Mechanical Engineering, Applied Physics, Art+Design
University of Michigan
Precise control of the formation and organization of carbon nanotubes (CNTs) offers potential to engineer new materials having outstanding fundamental properties, as well as unprecedented combinations of these properties. Specifically, vertically aligned CNT “forests” are a model system for understanding what limits the growth of indefinite CNTs, and are building blocks for novel microsystems and composite materials. I will discuss the efficient synthesis of CNT forests by chemical vapor deposition, and three recent studies that build upon this process: transformation of lithographically patterned CNT forests into 3D microarchitectures using capillary forces; fabrication of high-aspect-ratio polymer microstructures using CNT master molds; and directed actuation of CNTs via swelling of hydrogels. The underlying processing methods will enable integration of CNT forests with conventional microfabrication, as well as design and manufacturing of large-area CNT-based surfaces.

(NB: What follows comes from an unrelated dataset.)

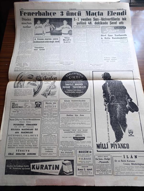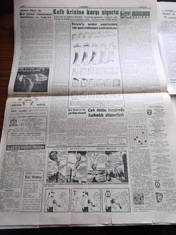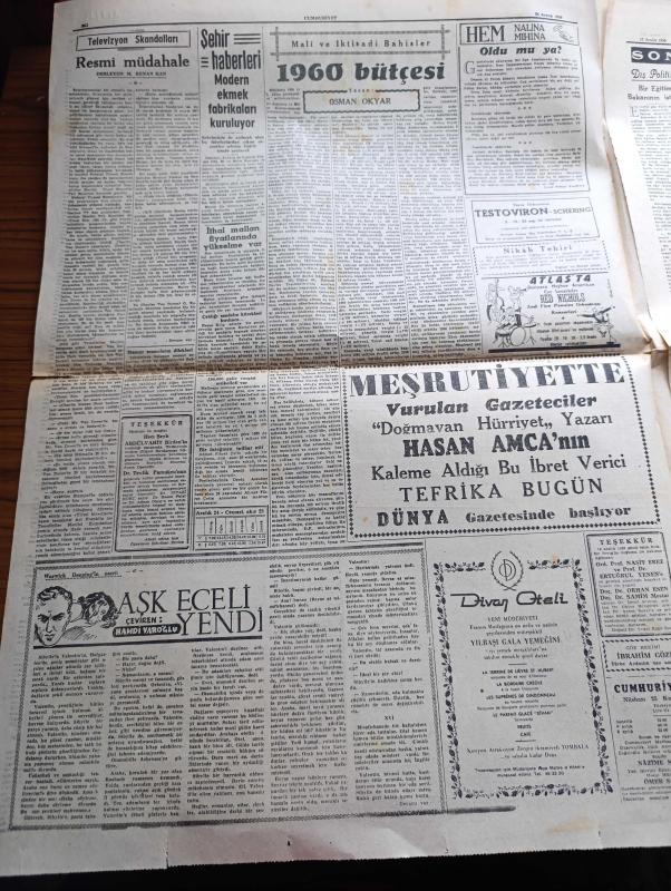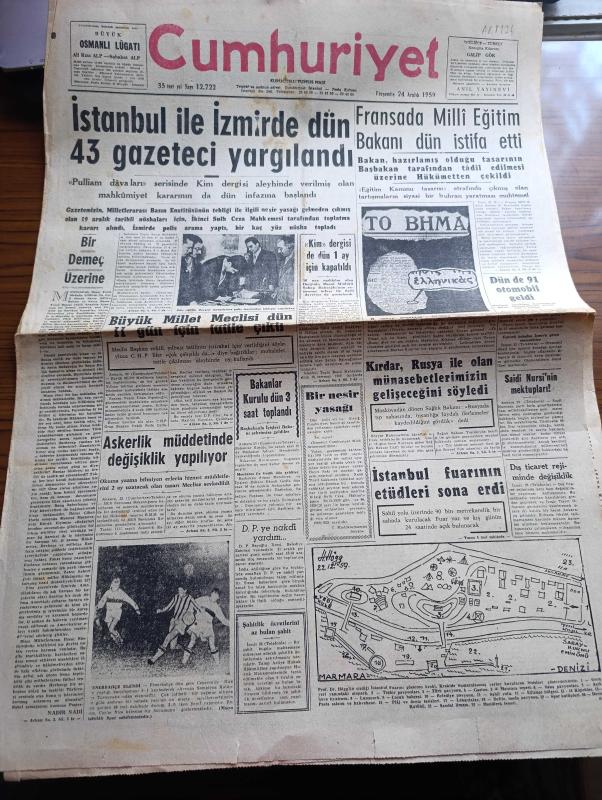 Cumhuriyet Gazetesi - 24 Aralık 1959 - Bir Demeç Üzerine Yazan Nadir Nadi Köşe Yazısı - İstanbul İle İzmir'de Dün 43 Gazeteci Yargılandı - Pulliam Davaları - Dün Kim Dergisi Mesullerine Polis Tarafından Tebligat Yapılırken Fotoğrafı - Kim Dergisi De Dün 1 Ay İçin Kapatıldı - Fransa'da Milli Eğitim Bakanı Dün İstifa Etti - Nice'i 5 1 Yenilen Fenerbahçe Elendi Fotoğrafı - Sağlık Bakanı Lütfi Kırdar Rusya İle Olan Münasebetlerimizin Gelişeceğini Söyledi - Saidi Nursi'nin Mektupları - İstanbul Fuarını Gösteren Kroki - Modern Ekmek Fabrikaları Kuruluyor - 1960 Bütçesi Yazan Osman Okyar - Divan Oteli - Kumar Salgını Yazan Burhan Felek Köşe Yazısı - Papa Komünizme Çattı - Darwin'in Meşhur Nazariyesinin 100. Yıldönümü Günlerindeyiz - Günah Gemisi Filmi Bu Hafta Süreyya'da - Yeni Tiyatroda Tahtaravalli Yazan Çetin Altan - 1959 1960 Yunus Nadi Armağanı Dil Davamız Türk Dili Üzerine Yazan Zekai Turan - Galatasaray İstanbulspor Maçının Biletleri Çift Tarifeli - Agah Erozan - Boks Federasyonu adlı eser, Kitap > Bilim, Teknik, Araştırma kategorisinde İkinci El olarak satıştadır.

John Hart is Assistant Professor at the University of Michigan in Ann Arbor, Michigan. John has Ph.D. (2006) and S.M. (2002) degrees from the Massachusetts Institute of Technology, and a B.S.E (2000) degree from the University of Michigan, all in Mechanical Engineering. John received the 2006 MIT Senturia Prize for best doctoral thesis in micro/nano technology, and graduate fellowships from the Fannie and John Hertz Foundation, National Science Foundation, and MIT Martin Foundation. Since joining the faculty at Michigan, John has been recognized by a DARPA Young Faculty Award (2008), two R&D100 Awards (2008, 2009), the American Society of Mechanical Engineers Pi Tau Sigma Gold Medal (2009), the Society of Manufacturing Engineers Outstanding Young Investigator Award (2010), the University of Michigan Mechanical Engineering Faculty Achievement Award (2010), and the Air Force Office of Scientific Research Young Investigator Program Award (2010). At Michigan, John directs the Mechanosynthesis Group, and teaches undergraduate and graduate courses in design, manufacturing, nanotechnology, and research methods.